Friday, March 23, 2012

Why Some Words Die

[ed. From the "For What It's Worth" department. I'm amazed someone even undertook such a massive analysis.]

Words are competing daily in an almost Darwinian struggle for survival, according to new research from scientists in which they analysed more than 10 million words used over the last 200 years.

Drawing their material from Google's huge book-digitisation project, the international team of academics tracked the usage of every word recorded in English, Spanish and Hebrew over the 209-year period between 1800 and 2008. The scientists, who include Boston University's Joel Tenenbaum and IMT Lucca Institute for Advanced Studies' Alexander Petersen, said their study shows that "words are competing actors in a system of finite resources", and just as financial firms battle for market share, so words compete to be used by writers or speakers, and to then grab the attention of readers or listeners.

There has been a "drastic increase in the death rate of words" in the modern print era, the academics discovered. They attributed it to the growing use of automatic spellcheckers, and stricter editing procedures, wiping out misspellings and errors. "Most changes to the vocabulary in the last 10 to 20 years are due to the extinction of misspelled words and nonsensical print errors, and to the decreased birth rate of new misspelled variations and genuinely new words," the scientists write in their just-published study. "The words that are dying are those words with low relative use. We confirm by visual inspection that the lists of dying words contain mostly misspelled and nonsensical words."
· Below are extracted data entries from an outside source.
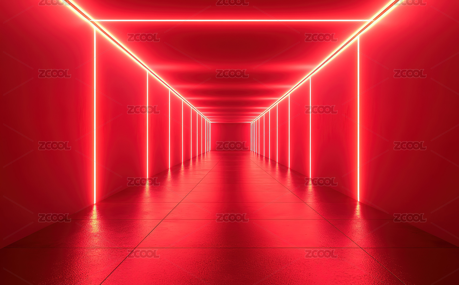 红色霓虹灯隧道走廊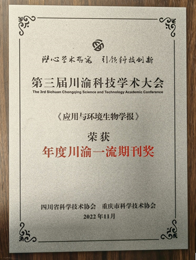 成都生物所主办期刊《应用与环境生物学报》获颁2022年度“川渝一流期刊”奖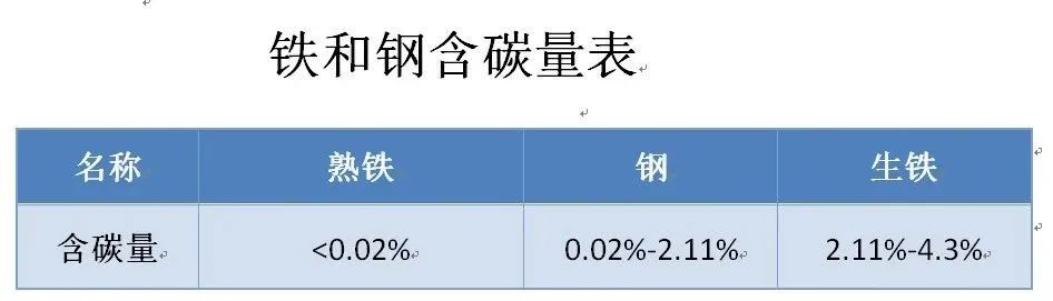 看到了吧。通常把含碳量少于0.02%的叫熟铁,大于2.11%到4.3%的叫生铁,而中间的就是钢。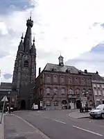 Il a été construit en 1574 et ne comportait, à l'origine, qu'un seul étage. Il possédait aussi un escalier extérieur et un gracieux beffroi en saillie, à six pans. En 1865, l'édifice fut profondément remanié, gagnant un second étage, mais perdant son escalier extérieur et son beffroi, qui lui donnaient un caractère Renaissance. Les portes sont en plein cintre, de même que les fenêtres. Ce type d'architecture est très rare dans l'art régional qui utilise le plus souvent la baie carrée à meneau cruciforme, l'arc en anse de panier ou l'arc en segments. Le bâtiment comportait au rez-de-chaussée un marché couvert, maintenant occupé par les bureaux de la mairie. On peut encore distinguer sur les clefs de voûte des anciennes portes, des inscriptions en lettres gothiques recommandant la probité aux marchands de la halle, dont voici la transcription littérale (hors abréviations) :

But it is not only "defective" words that die: sometimes words are driven to extinction by aggressive competitors. The word "Roentgenogram", for example, deriving from the discoverer of the x-ray, William Röntgen, was widely used for several decades in the 20th century, but, challenged by "x-ray" and "radiogram", has now fallen out of use entirely. X-ray had beaten off its synonyms by 1980, speculate the academics, owing to its "efficient short word length" and since the English language is generally used for scientific publication. "Each of the words is competing to be a monopoly on who gets to be the name," Tenenbaum told the American Physical Society.

The phrase "the great war", meanwhile, used for a period to describe the first world war, fell out of use around 1939 when another war of equal proportions hit the world.